(Stored records)
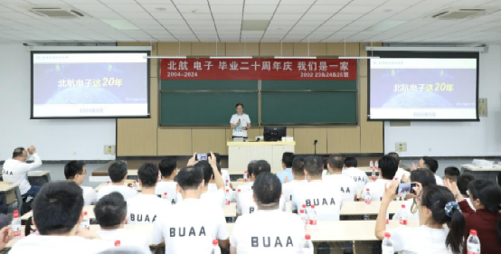 接着校友代表、电子信息工程学院副院长蔡开泉做了一场“北航电子这20年”的主题报告。蔡开泉从学科建设、师资力量、科研成果、人才培养、校友成就等方面详细介绍了学院二十年来的发展,让大家感受到了学院近二十年来取得的巨大成绩。
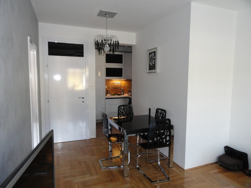 Квартира площадью 47 m2 на I этаже. Коридор, гостиная со столовой, отдельная кухня, спальня, ванная комната и терраса. Выход на террасу из гостиной и спальни. Эксклюзивно меблирована итальянской мебелью. Место на парковке перед домом, агрегат, запасной резервуар для воды. Дом построен три года назад. Возможность покупки места в подземном гараже.
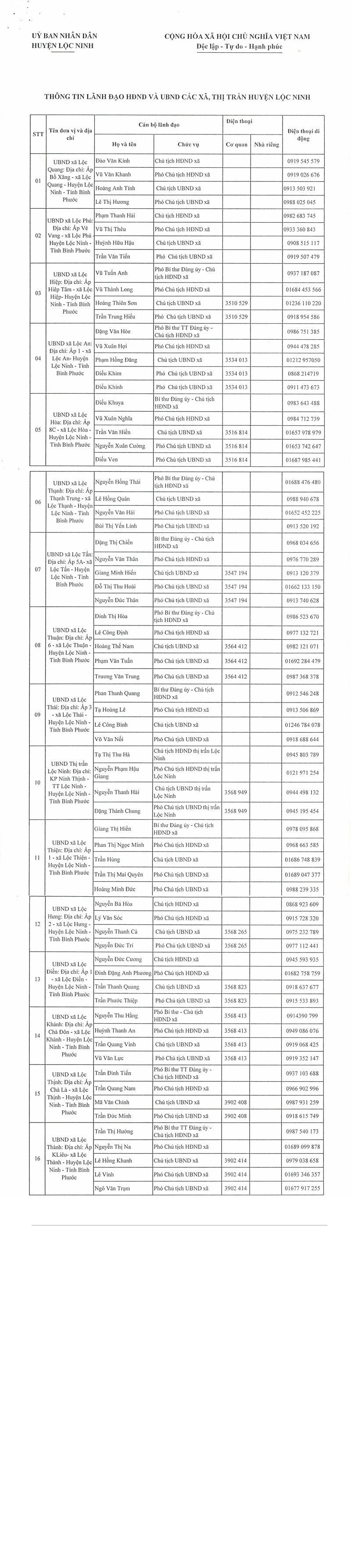 Thông tin lãnh đạo HĐND và UBND các xã, thị trấn huyện Lộc Ninh
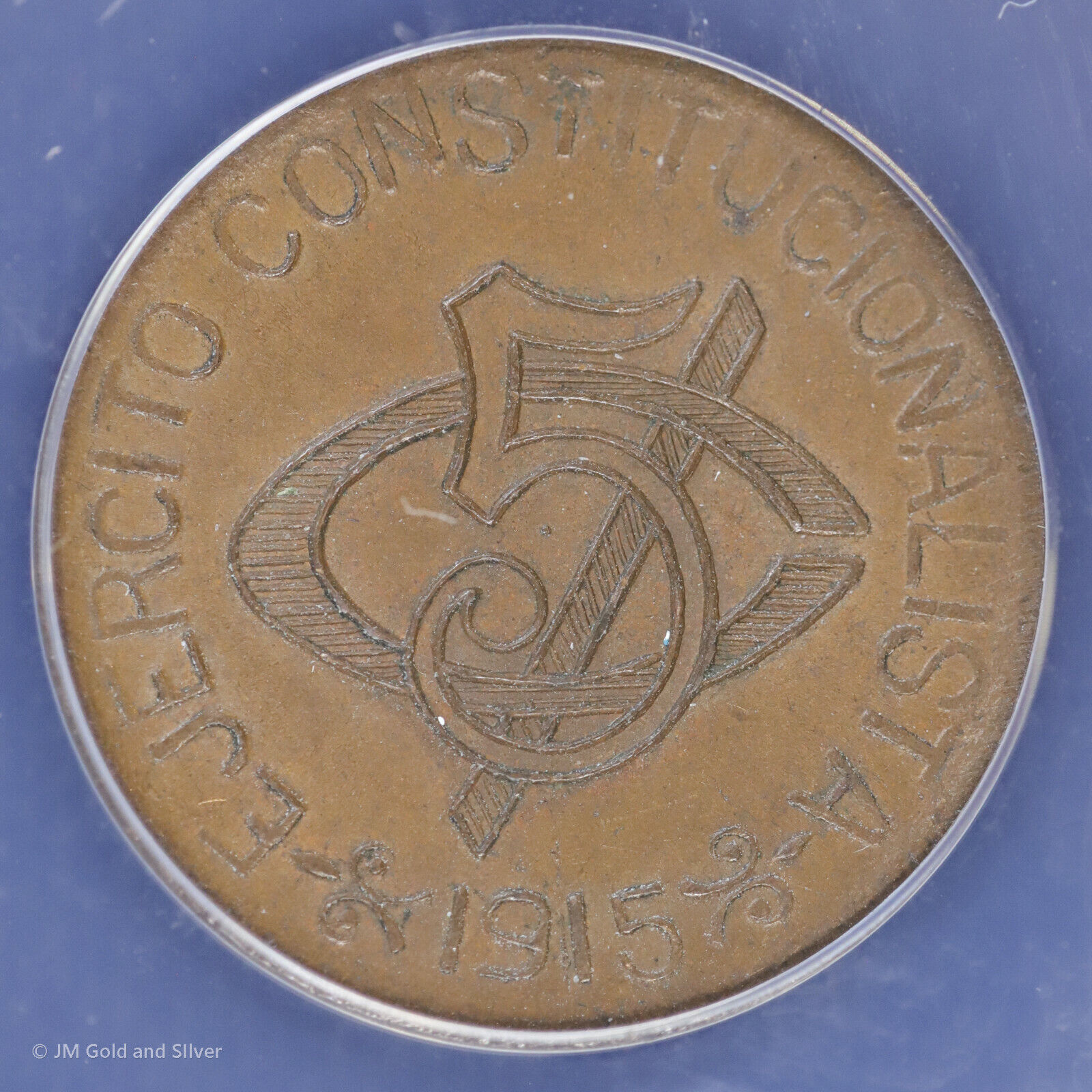 1915 5C Mexico Chihuahua Revolutionary 5 Centavos ANACS MS 61 BRN | Copper UNC
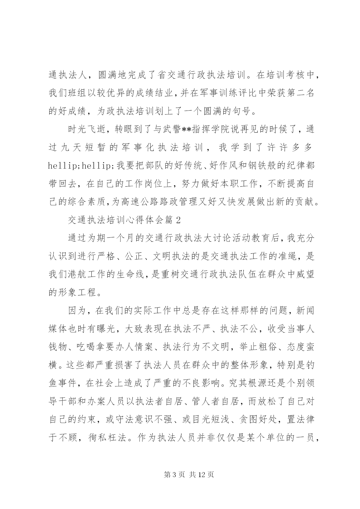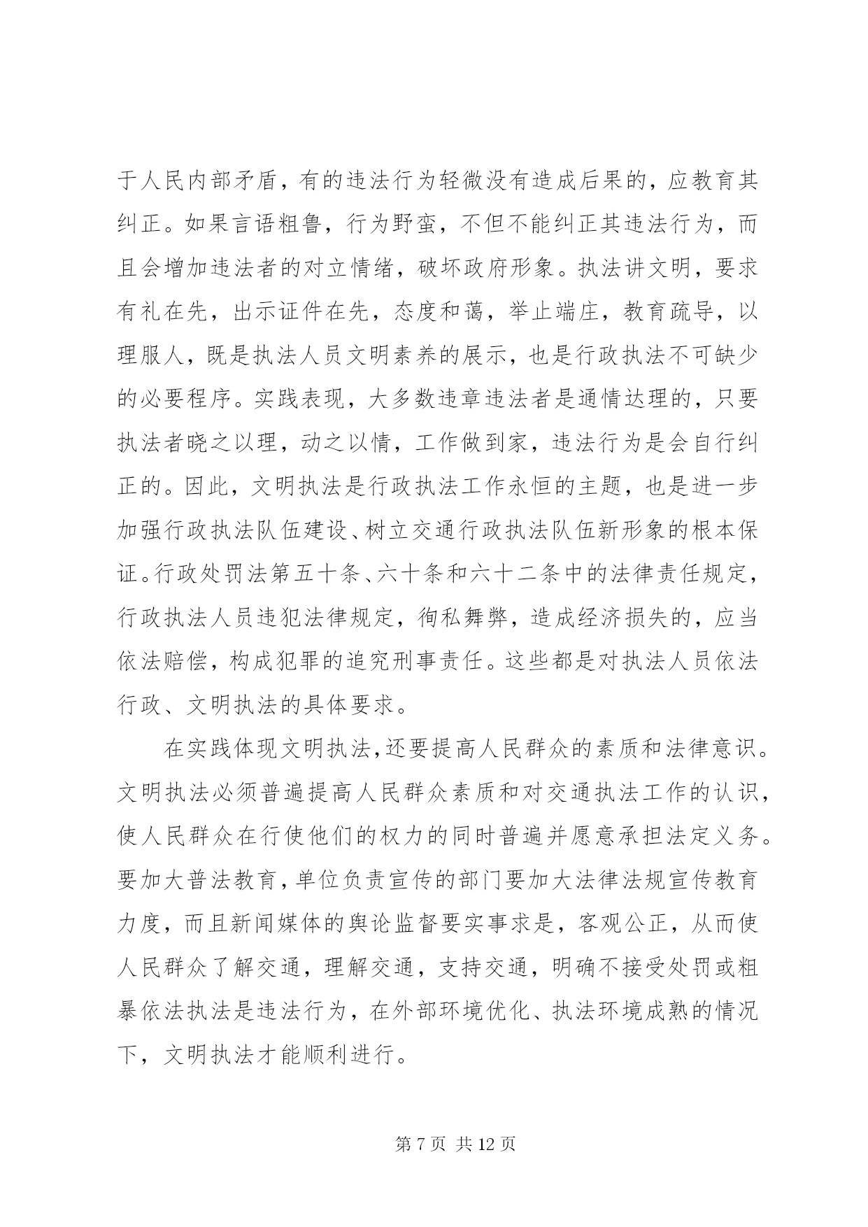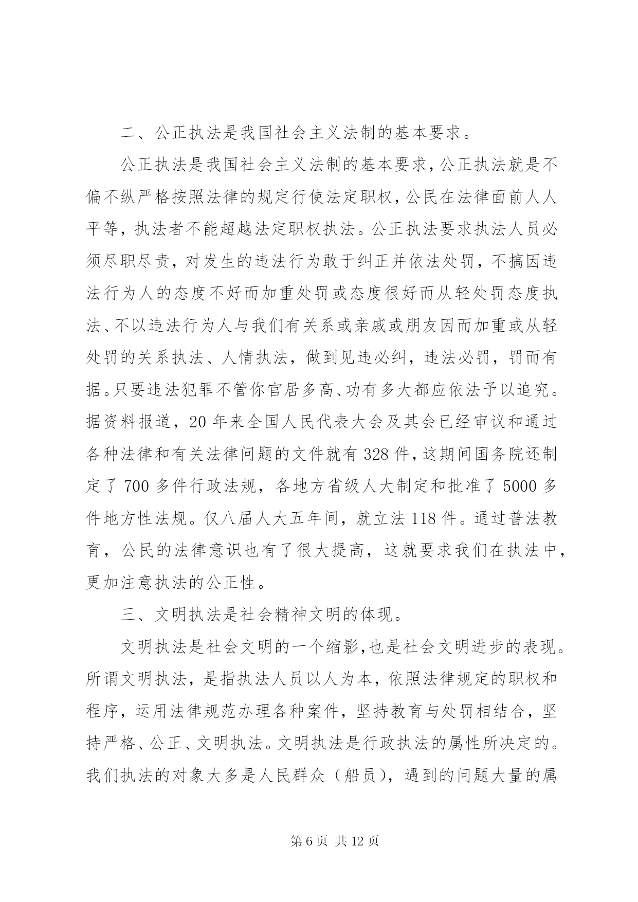 第PAGE\*Arabic\*MERGEFORMAT12页共NUMPAGES\*MERGEFORMAT12页交通执法培训心得体会交通执法培训心得体会篇1为提高交通行政执法队伍的整体素质和业务水平,改变工作作风,营造和谐执法的氛围,塑造交通执法的新形象,建立一支勤政、廉洁、务实、高效的交通行政执法队伍,省交通厅于2011年3月10日至18日在武警**指挥学院举办全省交通行政执法第二期培训班。10日上午,**路政大队培训人员怀着激动、带着期盼的心情来到交通执法培训基地----武警**指挥学院。下午在学校礼堂召开了**省交通行政执法培训开学动员大会,省交通厅党组成员王兆飞副厅长,厅机关有关处室及厅直有关单位的领导,以及武警**指挥学院副院长钟志锋等领导出席了大会。会上王兆飞副厅长及各处领导一一作了重要讲话,阐明本次培训的任务与目的,分析了**交通面临的困难与挑战,指出交通执法队伍存在的问题与不足,强调交通执法队伍建设的重要性和紧迫性。军营生活,熟悉而又陌生,伴随着朝升夕落的太阳,执法培训紧张而有序地进行着,早操、内务整理、军事训练、理论知识学习、集训hellip;hellip;学员们克服了天气炎热、训练项目多、强度大的困难,以饱满的精神、认真的态度,督促自己坚持从稍息、立正做起,从积极参与整理班级内务的小事做起,把培训学习的每一天都作为自己学习锻炼的机会,把培训作为工作学习生活的一个新的起点,把战胜困难作为超越自我的途径,把挑战作为磨练意志的手段,促进自己不断成长进步。坚持树立不畏艰苦愈磨愈勇长期作战的思想意识,为在今后的工作中不断地磨练、实践,把自己培养成为一名符合新时期要求的合格的交通行政执法者而努力。大家还认真系统的学习了《**省交通行政处罚自由裁量权基准制度》、《交通执法行为规范》、《道路运输行政执法》、《公路法》和《行政处罚法》等交通行政执法相关法律法规,促进我们在行使交通行政处罚权力过程中,严格做到有法可依、有法必依,执法必严,违法必究和文明执法,为我们开展执法工作奠定了坚实的法律基础。操场上,宿舍里,随处可见学员们刻苦训练、认真学习的身影。训练,固然是艰苦的,但看到领导、教官们为我们无怨无悔的付出,我的苦和累顿时烟消云散。小小的单人床,四四方方的豆腐块,还有每天准时的号角、哨声,这一切的一切,无不让我朝着一个真正的、合格的硬汉的目标出发。集体的生活有苦也有甜,蚊子是多了点,隔壁床的兄弟鼾声是大了点,训练难免风吹日晒雨淋,但我们收获了集体的荣誉感,学会了什么是团结,什么是严明的纪律,什么是严格的要求,什么是严谨的作风,这样的收获,正是我执法工作中所需要的。本着对单位负责,对培训班负责,对自己负责的态度,用行动证明自己是一个有严明纪律观念的军人,用行动实践着厅党组打造交通执法新形象的合格交通执法人,圆满地完成了省交通行政执法培训。在培训考核中,我们班组以较优异的成绩结业,并在军事训练评比中荣获第二名的好成绩,为政执法培训划上了一个圆满的句号。时光飞逝,转眼到了与武警**指挥学院说再见的时候了,通过九天短暂的军事化执法培训,我学到了许许多多hellip;hellip;我要把部队的好传统、好作风和钢铁般的纪律都带回去,在自己的工作岗位上,努力做好本职工作,不断提高自己的综合素质,为高速公路路政管理又好又快发展做出新的贡献。交通执法培训心得体会篇2通过为期一个月的交通行政执法大讨论活动教育后,我充分认识到进行严格、公正、文明执法的是交通执法工作的准绳,是我们港航工作的生命线,是重树交通行政执法队伍在群众中威望的形象工程。因为,在我们的实际工作中总是存在这样那样的问题,新闻媒体也时有曝光,大致表现在执法不严、执法不公,收受当事人钱物、吃喝拿要办人情案、执法行为不文明,举止粗俗、态度蛮横。这些都严重损害了执法人员在群众中的整体形象,特别是钓鱼事件,在社会上造成了严重的不良影响。究其根源还是个别领导干部和办案人员以执法者自居、管人者自居,而放松了自己对自己的约束,或守法意识不强、或目光短浅、贪图好处,置法律于不顾,徇私枉法。作为执法人员并非仅仅是某个单位的一员,在群众眼里,你是执法者,是代表了最具权威的法律在行使职权,是为人民排忧解难的,是群众的保护神,因而我们的言行举止是否文明、有无严格公正、文明执法就显得尤为重要。县委、县政府对有关问题十分重视,针对为什么执法、如何执法问题都有相关指导性文章和制定相应的内部规定;就严格、公正、文明执法进行法制教育和有关学习,比如我们集中参加了县委、县政府交通行政执法大讨论活动动员大会,思想道德专题讲座,行政执法知识专题讲座等,我们自己所里也进行了动员大会,开展了社会主义荣辱观教育,学习郑九万先进事迹,学习文明礼仪手册,并重新学习了《中华人民共和国内河交通安全管理条例》、《

> **Work order**: Using the data above, return the lines from the one holding "Thông tin lãnh" through the one holding "1915 5C Mexico" exactly, but not the pictures.

> **Output for this task**:
 Thông tin lãnh đạo HĐND và UBND các xã, thị trấn huyện Lộc Ninh
 1915 5C Mexico Chihuahua Revolutionary 5 Centavos ANACS MS 61 BRN | Copper UNC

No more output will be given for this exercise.